# Foundation nuc frames to foundationless



## chemist20 (Oct 24, 2010)

I am starting my first couple of hives next spring 2011 and will be purchasing two 5-frame nucs from a local beekeeper.

I am wanting to strictly use the foundationless frames but the nucs will be on the traditional wax foundation style frames. 

How do I go about getting the bees to regress back to the natural way of drawing out there own comb with these foundation frames in the hives starting out?

Do I put these 5-frames in the hives and place the foundationless frames around them? 

Any info would be greatly appreciated.


----------



## Grant (Jun 12, 2004)

Easiest way is to alternate old, wax foundation frames with new foundationless frames in the new hive body.

My first year I tried five frame nucs. I left the five old frames together and set two plastic foundation frames on one side, three on the other. The bees never broke from the five frame nuc frames and it was a recipe for swarming. Additionally, I thought more of the plastic foundation than they did!

By alternating new and old, undrawn and drawn frames, you'll get the bees to draw out the foundationless frames and they'll be as straight as an arrow. Then, as time goes by, you can pull out those old frames and replace them with foundationless. But there are a couple of tricks to get all the brood hatched from them.

Grant
Jackson, MO http://maxhoney.homestead.com


.


----------



## chemist20 (Oct 24, 2010)

Thanks for the reply. 

Usually from what I read and hear is with nucs you should place them in the hive body in the order they are in the nuc.
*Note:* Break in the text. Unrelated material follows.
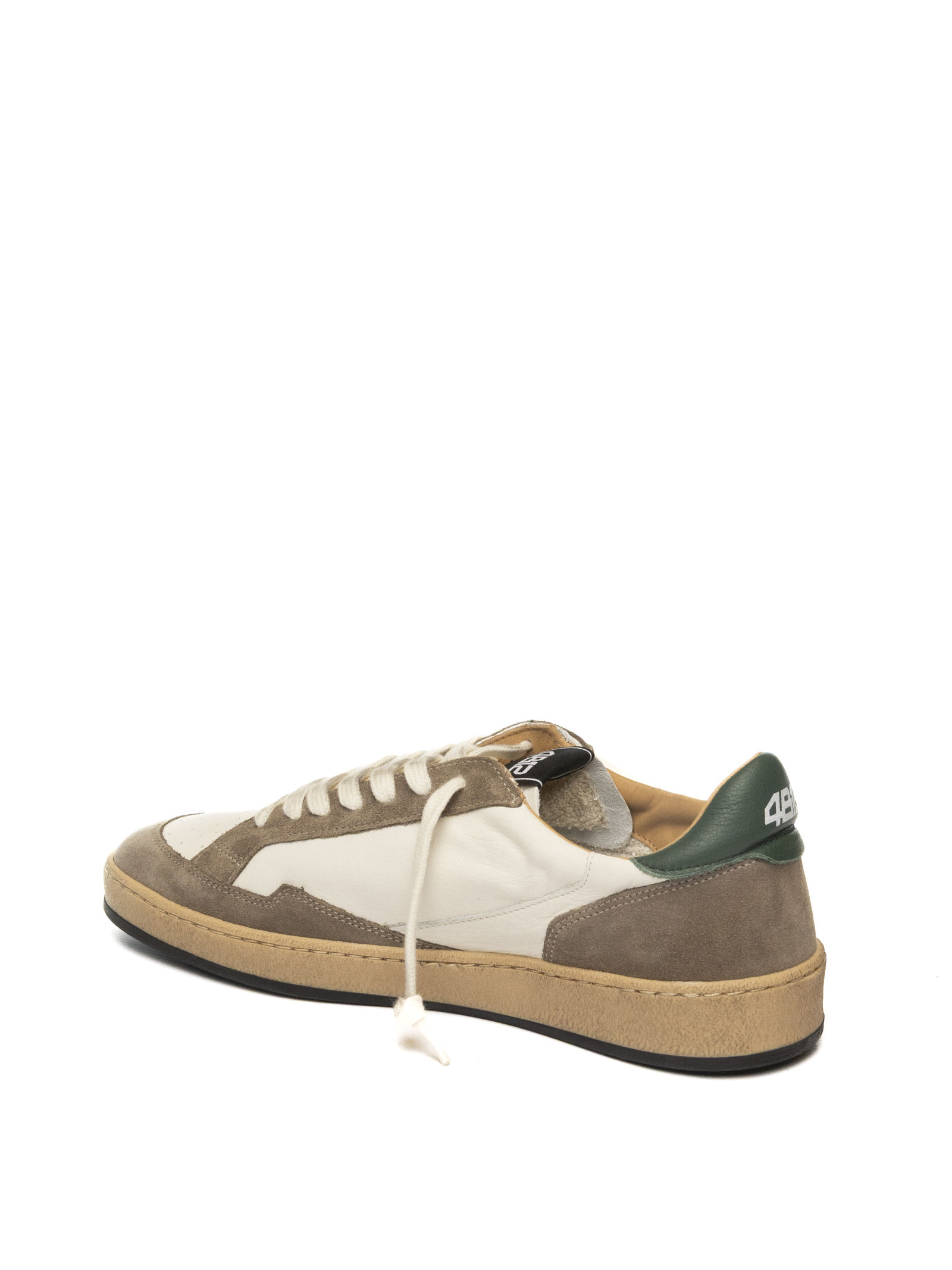 Authentic 4B12 sneakers that merge urban attitude with refined Italian craftsmanship. Made from smooth leather and premium suede, this model features a balanced combination of white and taupe tones enhanced by a military green logo and a forest green leather heel tab. The natural leather lining ensures breathability and comfort, while the padded insole provides superior cushioning. Finished with a beige rubber sole and black edge, these sneakers offer both elegance and everyday versatility.

But it would be better to alternate one of the nuc frames with a foundationless frame when I start the hives. 

So it would go foundationless, nuc frame, foundationless, etc. across the hive body. 

This would regress the bees back to the natural way? 
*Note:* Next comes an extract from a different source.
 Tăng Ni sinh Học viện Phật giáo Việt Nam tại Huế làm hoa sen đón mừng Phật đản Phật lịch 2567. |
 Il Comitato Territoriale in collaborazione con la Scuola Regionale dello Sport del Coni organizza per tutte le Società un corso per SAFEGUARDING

Thanks. Seems like it would work well.


----------



## waynesgarden (Jan 3, 2009)

You are talking about two processes, converting to foundationless and regressing bees to small cell. Grant gave you a good way to convert to foundationless, but it will not help in your goal to regress to small cell. Placing foundationless frames next to frames with large-cell comb does not guarantee the bees will not simply continue to build the comb size they are accustomed to.

Read some of Dee Lusby's writings here about regressing (retrogressing.)
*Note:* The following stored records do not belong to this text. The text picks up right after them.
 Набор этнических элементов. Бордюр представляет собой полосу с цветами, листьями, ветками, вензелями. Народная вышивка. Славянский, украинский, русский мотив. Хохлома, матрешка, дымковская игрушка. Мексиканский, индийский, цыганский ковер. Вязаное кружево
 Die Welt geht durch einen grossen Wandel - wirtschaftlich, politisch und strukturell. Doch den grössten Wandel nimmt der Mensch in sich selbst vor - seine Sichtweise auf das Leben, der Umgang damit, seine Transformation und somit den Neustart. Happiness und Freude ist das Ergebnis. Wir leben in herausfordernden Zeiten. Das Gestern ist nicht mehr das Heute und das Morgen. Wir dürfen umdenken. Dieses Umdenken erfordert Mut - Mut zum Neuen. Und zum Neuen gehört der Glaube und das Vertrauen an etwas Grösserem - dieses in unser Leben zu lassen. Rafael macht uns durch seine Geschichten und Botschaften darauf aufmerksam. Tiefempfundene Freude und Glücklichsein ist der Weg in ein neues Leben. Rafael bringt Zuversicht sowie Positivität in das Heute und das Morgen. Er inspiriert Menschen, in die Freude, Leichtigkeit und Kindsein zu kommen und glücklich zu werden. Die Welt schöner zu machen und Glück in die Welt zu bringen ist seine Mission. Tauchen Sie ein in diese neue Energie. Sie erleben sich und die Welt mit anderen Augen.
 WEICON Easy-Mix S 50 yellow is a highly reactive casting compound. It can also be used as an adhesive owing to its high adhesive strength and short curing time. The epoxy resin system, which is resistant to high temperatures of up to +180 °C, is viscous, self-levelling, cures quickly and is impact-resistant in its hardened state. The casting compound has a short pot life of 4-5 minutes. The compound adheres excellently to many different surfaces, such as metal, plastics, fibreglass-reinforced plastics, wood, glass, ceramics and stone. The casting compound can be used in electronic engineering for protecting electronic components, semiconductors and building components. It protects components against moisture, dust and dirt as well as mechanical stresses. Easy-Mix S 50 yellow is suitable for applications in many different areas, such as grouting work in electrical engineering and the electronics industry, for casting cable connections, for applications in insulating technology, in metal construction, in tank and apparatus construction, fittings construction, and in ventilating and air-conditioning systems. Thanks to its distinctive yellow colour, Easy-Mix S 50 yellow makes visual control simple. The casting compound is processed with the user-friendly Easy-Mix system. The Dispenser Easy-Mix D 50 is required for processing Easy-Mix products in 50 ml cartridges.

I've heard her describe her method of shaking all the bees off the existing combs and letting them start over, often several times, until the succeding generations have regressed in cell size.

Wayne


----------



## chemist20 (Oct 24, 2010)

I've emailed Michael Bush and he stated

"Feed the foundationless in one frame at a time. You can put one in the
middle of the brood nest and one on each edge of the brood nest. Any
more in the middle will stress them too much."

"Work those large cell frames to the outside (mark them) and pull them
eventually when you have a hive on the upswing (a flow and a build up of
population) and they are not full of brood."

Seems like a logical approach. I'll read the articles from Ed and Dee Lusby to compare their methods. Thanks for all the help and suggestion.


----------